[
https://issues.apache.org/jira/browse/FLINK-6301?page=com.atlassian.jira.plugin.system.issuetabpanels:comment-tabpanel&focusedCommentId=15970723#comment-15970723
]
Rahul Yadav edited comment on FLINK-6301 at 4/17/17 6:18 AM:
-------------------------------------------------------------
Thanx for the update and sure, it makes sense!
Few updates:
1. We will have to upgrade the kafka-clients version to `0.10.2.0` instead of
`0.10.1.0` as the latter does not work with old 0.10.0 brokers whereas the
former does. This is important as it does not mandate a Kafka upgrade to fix a
consumer application (Flink) issue.
2. FYI: We upgraded the kafka-clients version by overriding it in our job poms
and as expected, it fixed the issue. PFA the new memory profiles which does not
show dangling calls to the inflate() method.
In our case, we were already running 0.10.0 Kafka brokers in production so
upgrading the KafkaConnector from 09 to 10 wasn't an issue but it may not be
true for other users. Let me discuss this with Kafka community so that the fix
can be back-ported for 09 clients as well.
was (Author: vidhu5269):
Thanx for the update and sure, makes sense!
Few updates:
1. We will have to upgrade the kafka-clients version to `0.10.2.0` instead of
`0.10.1.0` as the latter does not work with old 0.10.0 brokers whereas the
former does. This is important as it does not mandate a Kafka upgrade to fix a
consumer application (Flink) issue.
2. FYI: We upgraded the kafka-clients version by overriding it in our job poms
and as expected, it fixed the issue. PFA the new memory profiles which does not
show dangling calls to the inflate() method.
In our case, we were already running 0.10.0 Kafka brokers in production so
upgrading the KafkaConnector from 09 to 10 wasn't an issue but it may not be
true for other users. Let me discuss this with Kafka community so that the fix
can be back-ported for 09 clients as well.

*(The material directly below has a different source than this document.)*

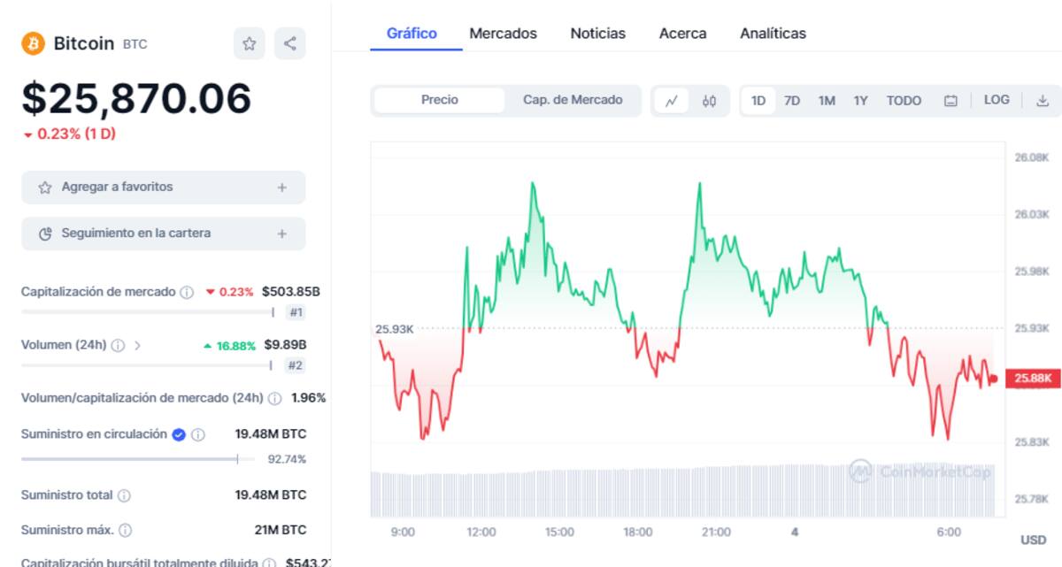 Por su parte, en CoinMarketCap, el precio de Bitcoin una caída del 4,35% llegando hasta los $25,870 dólares por unidad, equivalentes a 444,513 pesos mexicanos.

> Flink KafkaConnector09 leaks memory on reading compressed messages due to a
> Kafka consumer bug
> ----------------------------------------------------------------------------------------------
>
> Key: FLINK-6301
> URL: https://issues.apache.org/jira/browse/FLINK-6301
> Project: Flink
> Issue Type: Bug
> Components: Kafka Connector
> Affects Versions: 1.2.0, 1.1.3, 1.1.4
> Reporter: Rahul Yadav
> Attachments: jeprof.24611.1228.i1228.heap.svg,
> jeprof.24611.1695.i1695.heap.svg, jeprof.24611.265.i265.heap.svg,
> jeprof.24611.3138.i3138.heap.svg, jeprof.24611.595.i595.heap.svg,
> jeprof.24611.705.i705.heap.svg, jeprof.24611.81.i81.heap.svg
>
>
> Hi
> We are running Flink on a standalone cluster with 8 TaskManagers having 8
> vCPUs and 8 slots each. Each host has 16 GB of RAM.
> In our jobs,
> # We are consuming gzip compressed messages from Kafka using
> *KafkaConnector09* and use *rocksDB* backend for checkpoint storage.

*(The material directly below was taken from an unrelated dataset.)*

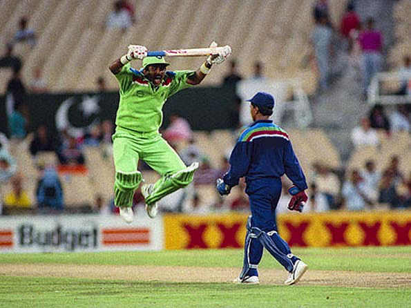 But, Miandad ensured that his name was inextricably entwined with the history of the encounter. After Kiran More, India's wicket-keeper during the World Cup had repeatedly leapt up in the air appealing for a run-out that wasn't, a none too pleased Miandad, known for his antics on the field, decided to pay the Indian keeper back in the same coin a few overs later.

> # To debug the leak, we used *jemalloc and jprof* to profile the sources of
> malloc calls from the java process and attached are the profiles generated at
> various stages of the job. As we can see, apart from the os.malloc and
> rocksDB.allocateNewBlock, there are additional malloc calls coming from
> inflate() method of java.util.zip.inflater. These calls are innocuous as long
> as the inflater.end() method is called after it's use.

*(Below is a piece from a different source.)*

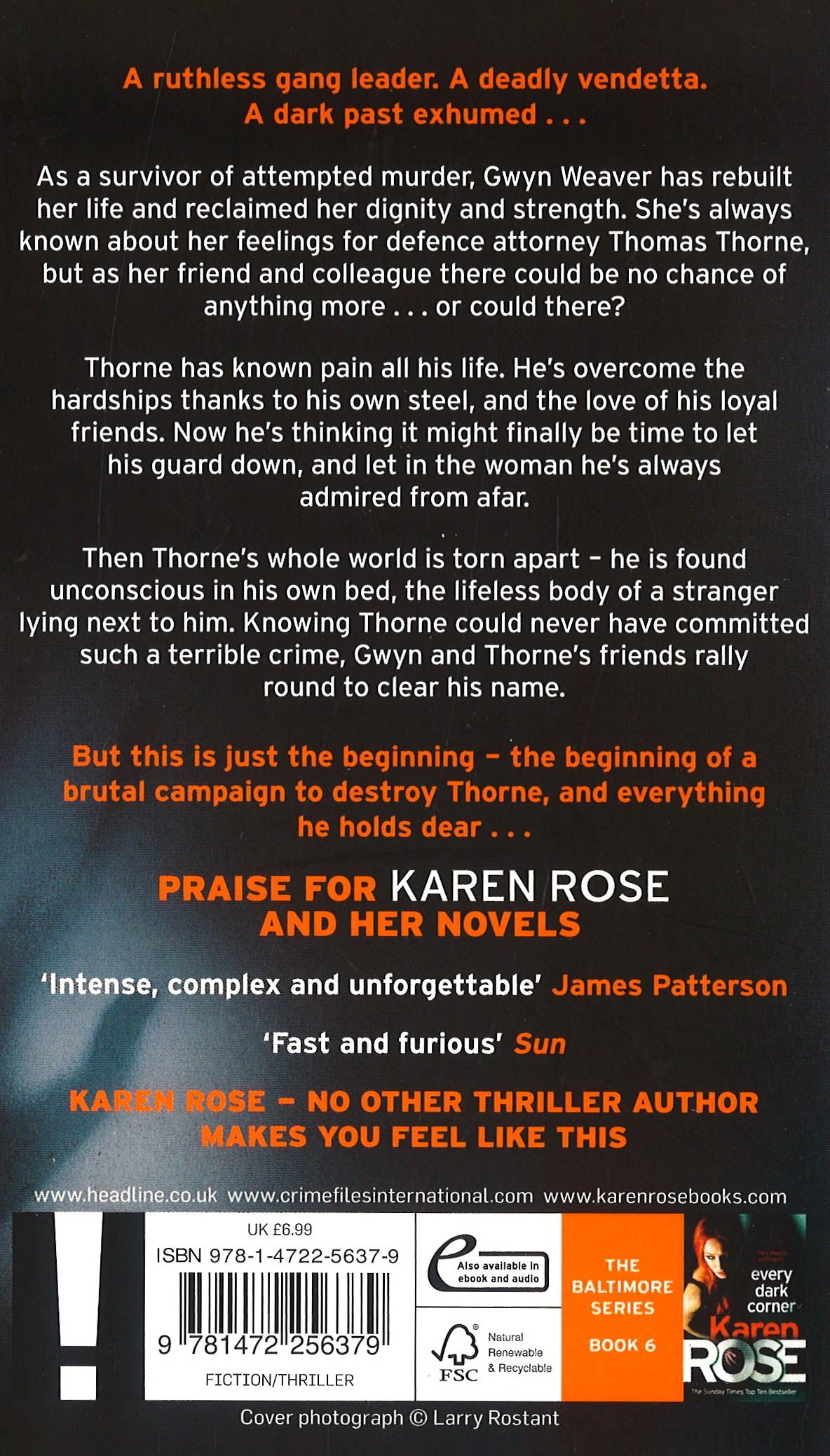 A ruthless gang leader. A deadly vendetta. A dark past exhumed... KAREN ROSE returns with the break-neck follow-up to MONSTER IN THE CLOSET, and the sixth book in the heart-pounding Baltimore Series.Gwyn Weaver is as resilient as anyone could be. Having survived an attempted murder, she has rebuilt her life and reclaimed her dignity and strength. She's always known about her feelings for defence attorney Thomas Thorne, but as her friend and a colleague there could be no chance of anything more... or could there?Thorne has known violence and pain all his life. He's overcome the hardships thanks to his own steel, and the love of his loyal friends. Now he's thinking it might finally be time to let his guard down, and allow himself to let in the woman he's always admired from afar.Then Thorne's whole world is torn apart - he is found unconscious in his own bed, the lifeless body of a stranger lying next to him, her blood on his hands. Knowing Thorne could never have committed such a terrible crime, Gwyn and his friends rally round to clear his name.But this is just the beginning - the beginning of a brutal campaign to destroy Thorne, and everything he holds dear...Intense, complex and unforgettable - James PattersonFast and furious - SunA high-octane thrill ride - Lisa Jackson

> # To look for sources of inflate() method, we used Btrace on the running
> process to dump caller stack on the method call. Following is the stackTrace
> we got:
> {code}
> java.util.zip.Inflater.inflate(Inflater.java)
> java.util.zip.InflaterInputStream.read(InflaterInputStream.java:152)
> java.util.zip.GZIPInputStream.read(GZIPInputStream.java:117)
> java.io.DataInputStream.readFully(DataInputStream.java:195)
> org.apache.kafka.common.record.MemoryRecords$RecordsIterator.makeNext(MemoryRecords.java:253)
> org.apache.kafka.common.record.MemoryRecords$RecordsIterator.makeNext(MemoryRecords.java:210)
> org.apache.kafka.common.utils.AbstractIterator.maybeComputeNext(AbstractIterator.java:79)
> org.apache.kafka.common.utils.AbstractIterator.hasNext(AbstractIterator.java:45)
> org.apache.kafka.common.record.MemoryRecords$RecordsIterator.innerDone(MemoryRecords.java:282)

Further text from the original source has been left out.